All these things have happened. The oil price spike of 2008 caused not just a global recession, but the beginnings of a depression potentially so severe that it may just end the official global economy. The price of oil has also crashed – from $147 per barrel to around $40 per barrel today. Of course, the fall in price is not due to finding new supplies (no one has found any large new, cheaply extracted supplies), but is due, rather, to falling economic activity. It now appears that the world has no more new supplies of cheap, easily-gotten oil.

So what happens next? Some analysts have stated that the price of oil will remain low until the world attempts an economic recovery. At that point, perhaps a few years into the future, global demand will run up against shrinking supply and there will be another price spike, followed by the return of a global recession or depression. But a report released in January of this year presents a different view – namely, that the coming price spike won't wait for an economic recovery, but that it will begin this year.

The report, titled, “Oil Prices: Another Spike Ahead,” was written by Jeff Rubin and Peter Buchanan, and is in the 23 January edition of StrategEcon, a publication of CIBC World Markets. (You can find it here: Click on the report titled, “Reflation.”) The report analyzes the effect of collapsed oil prices on new oil production projects, most of which require prices of well over $60 per barrel to be economical. Because the actual price of oil is so much lower than what is needed for oil producers to make money, many planned oil projects have been cancelled. The result is the removal of well over a million barrels per day of new production, and a decline in total world production from 85.8 million barrels per day in 2008 to 84.8 million barrels per day in 2010. The IEA has also stated that due to depletion of existing oilfields, the petroleum industry will have to spend well over half a trillion dollars each year just to meet future demand. This money is not likely to be spent in our present economic climate.
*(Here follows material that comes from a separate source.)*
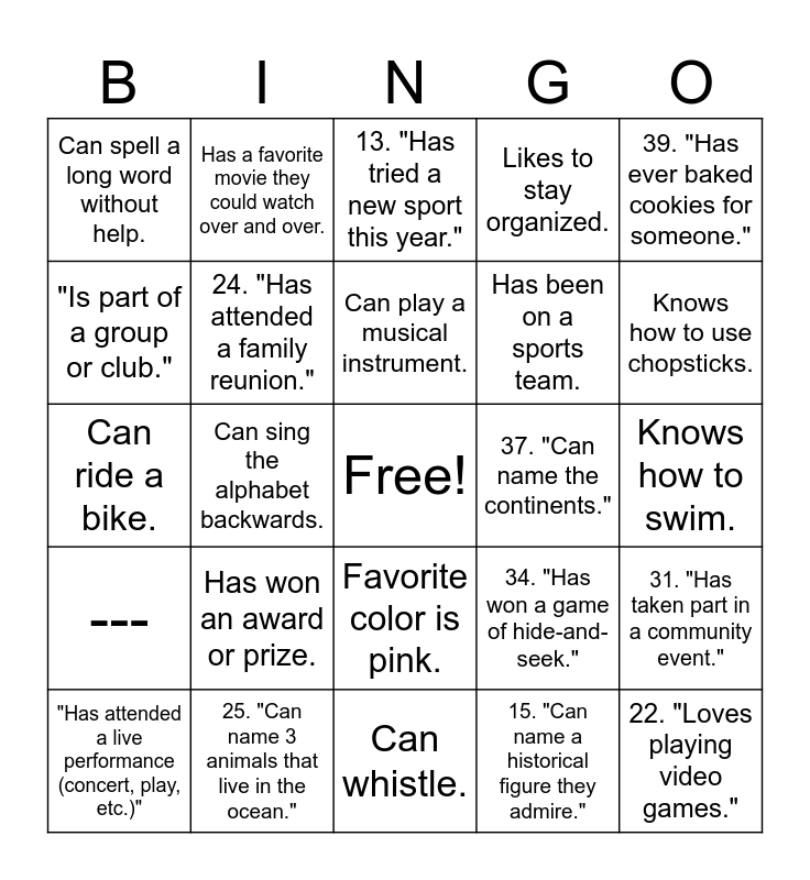 This bingo card has a free space and 98 words: Has a nickname., Has been to the beach this year., Can name all the planets in our solar system., Knows how to swim., Has a favorite quote., Has a talent in singing or music., Has been to another country., Likes to play board games., Has a pet., Has a favorite hobby they do every week., Can make their own bed., Has met someone famous., Is learning to play an instrument., Has won an award or prize., Loves animals., Has a favorite movie they could watch over and over., Can ride a bike., Has an older sibling., Is the oldest child in their family., Has a favorite book they recommend to others., Likes to sing in the shower., Knows how to do a dance move., Has a dream job they want when they grow up., Loves to cook or bake with family., Knows how to play a sport.", Can spell a long word without help., Can whistle., Loves spending time outdoors., Can draw a picture of something., "Is a morning person.", "Has attended a live performance (concert, play, etc.)", "Is part of a group or club.", "Has tried a new food this year.", Has an unusual talent., Knows how to use chopsticks., Loves helping others., Likes to stay organized., Has a favorite dance style., Can sing the alphabet backwards., Knows a fun fact about animals., Has a younger sibling., Can play a musical instrument., Has been on a sports team., Loves to draw or paint., Knows how to cook or bake., Favorite color is pink., Has volunteered before., Loves reading books., Speaks more than one language., Has traveled to another state., Can name three positive traits about themselves., Knows a fun fact about history., Can recite an affirmation., Favorite subject is science., Loves to dance., Here are **additional prompts** for your **Human Bingo** game, so you have even more variety to choose from. I've included a mix of fun, reflective, and light-hearted prompts that align with the themes of the conference., ---, ### **Even More Human Bingo Prompts**, 1. "Has a favorite superhero.", 2. "Knows how to tie a bowtie.", 3. "Can do a cartwheel.", 4. "Can speak a phrase in another language.", 5. "Likes to collect something (stamps, coins, etc.).", 6. "Can name all the seasons.", 7. "Has gone camping.", 8. "Has a favorite TikTok trend.", 9. "Knows how to knit or crochet.", 10. "Can name 5 countries.", 11. "Likes to bake desserts.", 12. "Can juggle.", 13. "Has tried a new sport this year.", 14. "Can name their ancestors or family origins.", 15. "Can name a historical figure they admire.", 16. "Is passionate about an environmental cause.", 17. "Has gone on a road trip.", 18. "Has a favorite family tradition.", 19. "Knows how to change a tire.", 20. "Has a favorite childhood game.", 21. "Can recite a poem.", 22. "Loves playing video games.", 23. "Can swim in the deep end.", 24. "Has attended a family reunion.", 25. "Can name 3 animals that live in the ocean.", 26. "Has a collection of books.", 27. "Has watched a movie more than 5 times.", 28. "Can read in the dark.", 29. "Has attended a summer camp.", 30. "Can describe their perfect day.", 31. "Has taken part in a community event.", 32. "Loves to make cards or gifts for others.", 33. "Has a favorite character from a book.", 34. "Has won a game of hide-and-seek.", 35. "Has a favorite YouTube channel.", 36. "Has done a random act of kindness.", 37. "Can name the continents.", 38. "Has an older cousin.", 39. "Has ever baked cookies for someone." and 40. "Can name a planet other than Earth..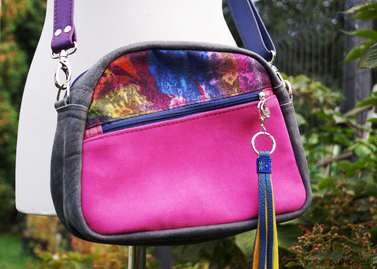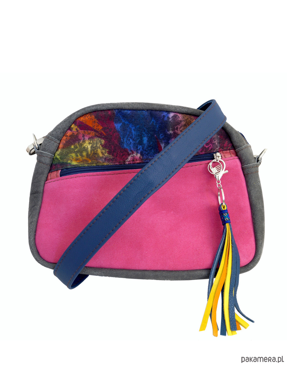 Średniej wielkości torebka o kroju kuferka, z przykuwającym uwagę asymetrycznym cięciem i kolorowymi detalami. Uszyta ze świetnej jakości skór naturalnych, bydlęcych, w chłodnych odcieniach (szary, fuksja, fiolet, granat) oraz z kolorowego płótna. Składa się z głównej przegrody, w której znajduje się dużą kieszeń na zamek i dwie małe otwarte kieszonki. Z przodu duża kieszeń na zamek. Wysokość – 22, szerokość – 29, głębokość – 10-12, dł. regulowanego paska – 130cm.

The CIBC report therefore predicts a supply shortfall of at least two million barrels per day by 2010, and a price spike that will begin in 2009 – indeed, within the next several months. By the end of 2010, the global price of oil will likely be back over $100 per barrel again. This will hinder, and may possibly derail, any attempt at a global economic recovery.

It appears, then, that we have fallen off the bumpy plateau. Or at least we don't have much longer to wait before we know for sure. All the words written on this blog and others concerning alternative systems and living lightly on the earth were not in vain. If anyone hasn't yet taken those words to heart, hopefully it's not too late.

Saturday, February 14, 2009

Small-Scale Manufacturing - The Japanese Example, And A Few Last Comments

The issues now being faced by the members of our modern society are so serious that a proper discussion of these issues must include a healthy discussion of practical answers to practical problems. Mere theorizing or philosophizing won't do – although it certainly is entertaining sometimes. The search for practical examples has led me to study case histories of the use of small-scale manufacturing in various countries. Japan is one such country, and it was the subject of a report titled, The Japanese Experience In Technology, authored by Takeshi Hayashi of the United Nations University, and published in 1990. (The entire report can be found here:

The Japanese Experience report shares a motivation and point of view typical of many reports written over the years on appropriate technology and small-scale industry deployment in the developing world. That point of view is the study of appropriate technology and small-scale industry in helping Third World nations achieve a higher level of “development,” i.e., similarity to modern First World society. In other words, the goal of such studies is to help devise strategies for “modernizing” these nations. Thus the citizens of these nations are judged according to how receptive they are to complex First World technology, how adaptible their indigenous small-scale technologies are to First World economic goals, and the ability of small-scale manufacturers in these countries to participate in and compete in a modern, interconnected, global economy. This First World bias is also seen in the way these studies judge indigenous small-scale enterprise according to the First World criterion of “efficiency” – maximum production with maximum profits and minimum cost per unit of production.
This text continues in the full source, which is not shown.